It is amazingly empowering to have the support of a strong, motivated, and inspirational group of people. – Susan Jeffers, author
One thing that was both encouraging and discouraging to me when I was teaching was the support or lack of support for students to learn math. With just a few encouraging words, teachers, mentors, counselors, administrators, friends, and parents can inspire and promote a love of (or at least interest in) mathematics in a young person. A few discouraging words can have an equal, if not greater, effect in the opposite direction.
We had a guidance counselor at the high school where I last taught who was notorious for telling students that it was OK if they weren’t good at math, because she wasn’t either. This leads, in some cases, to apathy and a general dislike of mathematics. I was reminded of this today when I read an advice column. In part, the mother writes, “I told her that, like most women, I wasn’t good in math so if she got a D, that was OK.”
What was the first piece of advice for this mother? “Shift your attitude.” I think there is a need for a general attitude shift about mathematics for all stakeholders. If you are involved in the education of children, please use encouraging words that support, rather than tear down, a child’s confidence in their own ability to do mathematics. It’s just one more thing we can all do to make mathematics better for everyone.
Like changing for the sake of change, assessing for the sake of assessing has some major downsides. Meaningful assessment can take many forms (try a search for meaningful assessment), but it should always have one outcome: improved opportunity to for students to learn.
This from a recent post on the Rational Mathematics Education blog: “Creating ANY good test item is challenging, but creating test items that actually tell us what we need to know to improve teaching, learning, and parenting when it comes to academic subjects is a major challenge.”
Ask Kermit. It’s not easy being green. And it’s not easy to write a good assessment that gives meaningful data.
I picked up this bit of news out of Delaware. The state should be applauded for their efforts to raise the bar on student achievement. However, it doesn’t seem like they’re looking forward to scores increasing at all. They have assumed that raising the expectations on the test will result in an increase in the number of students that do not pass the test.
Change for the sake of change is not really responsible, yet we do it all the time. An increase in student achievement won’t come from changing a test or adopting a new textbook. Change comes when we design and implement a meaningful curriculum based on student needs.
I saw a nice article (from the March 23, 2010 Hechinger Report) that is ultimately about factors that impact student achievement in math. after noting that “Among the top-performing countries, no pattern in pedagogy emerges. There is, in fact, wide variety in mathematics teaching practices worldwide,” the report goes on to identify three issues that impact student achievement in math.
First, curriculum. This is a symptom of well-intentioned standards that make teachers and administrators feel lie they have to teach everything, every year, or the kids just won’t learn. Included in the article is this table, comparing grade 3 assessments:
Assuming (safely) that the assessment is reflective of the intended curriculum, it is easy to see why curriculum plays a role in student learning.

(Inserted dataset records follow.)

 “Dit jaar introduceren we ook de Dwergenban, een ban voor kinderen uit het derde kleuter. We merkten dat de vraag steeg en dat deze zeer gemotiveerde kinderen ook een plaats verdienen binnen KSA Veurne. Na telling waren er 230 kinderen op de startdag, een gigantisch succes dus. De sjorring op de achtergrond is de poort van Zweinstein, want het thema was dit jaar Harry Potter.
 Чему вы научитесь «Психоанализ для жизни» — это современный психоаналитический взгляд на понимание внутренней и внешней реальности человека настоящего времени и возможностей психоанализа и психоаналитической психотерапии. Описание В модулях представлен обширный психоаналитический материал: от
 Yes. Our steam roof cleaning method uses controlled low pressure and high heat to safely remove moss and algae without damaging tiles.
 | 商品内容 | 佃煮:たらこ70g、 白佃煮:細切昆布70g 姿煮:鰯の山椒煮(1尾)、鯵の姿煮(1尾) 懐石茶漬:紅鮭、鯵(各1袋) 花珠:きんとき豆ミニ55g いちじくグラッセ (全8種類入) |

Second, assessment. Not the summative assessments that are still so prevalent in classrooms, or the faux-formative assessments that teachers (including me) use to help them feel better about themselves. It’s about real, ongoing, meaningful contextual assessment that informs instruction and helps all kids learn. The article specifically points to the overuse of multiple-choice assessments, popular because they are easy to score but notoriously bad at providing information about the process students use to solve the problem.

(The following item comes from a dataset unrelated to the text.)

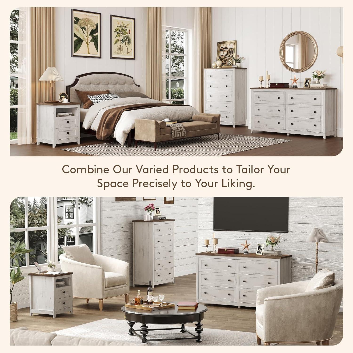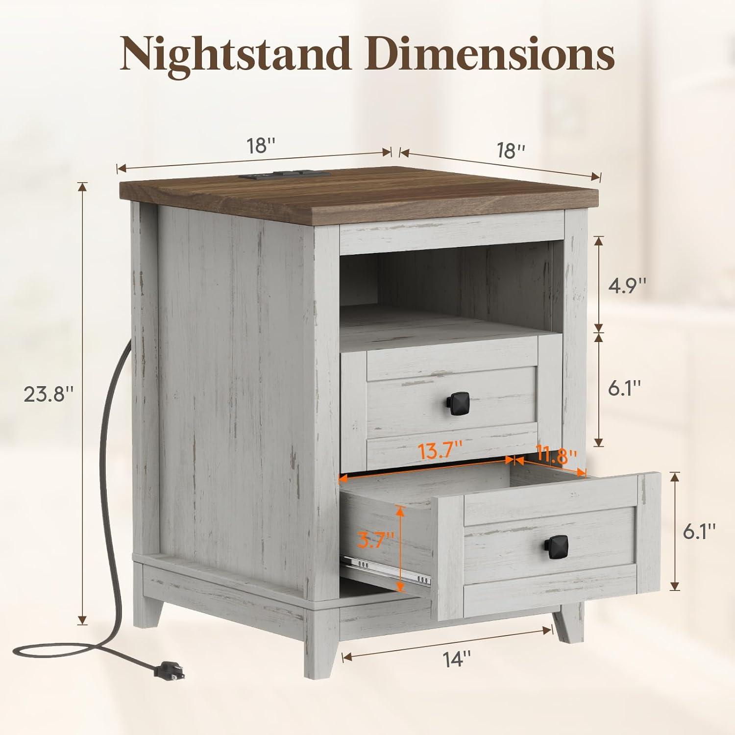 Premium Quality: Made from sturdy engineered wood with a waterproof surface, this nightstand with charging station is easy to clean. Its metal slides and handles provide smooth drawer operation, while the 2''×2'' table legs offer stability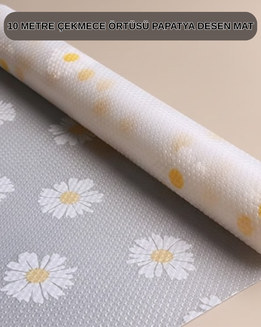 Papatya desenli bu çekmece ve dolap içi örtü, 10 metre uzunluğu ile çoklu kullanım imkânı sunar. Kesilerek farklı alanlarda kullanılabilir.

Third, teachers. This part of the article took me back an earlier post that addressed some of the problems with the way we do business. The report notes that, “It’s no secret that American elementary and middle school teachers often have weak math skills,” and then goes on to cite Deborah Ball’s comment: “This is to be expected because most teachers – like most other adults in this country – are graduates of the very system that we seek to improve.”
Improving math education for all students remains a work in progress. When we realize that these factors, among others, are all part of the big picture, then we can begin to work toward the improvement we need.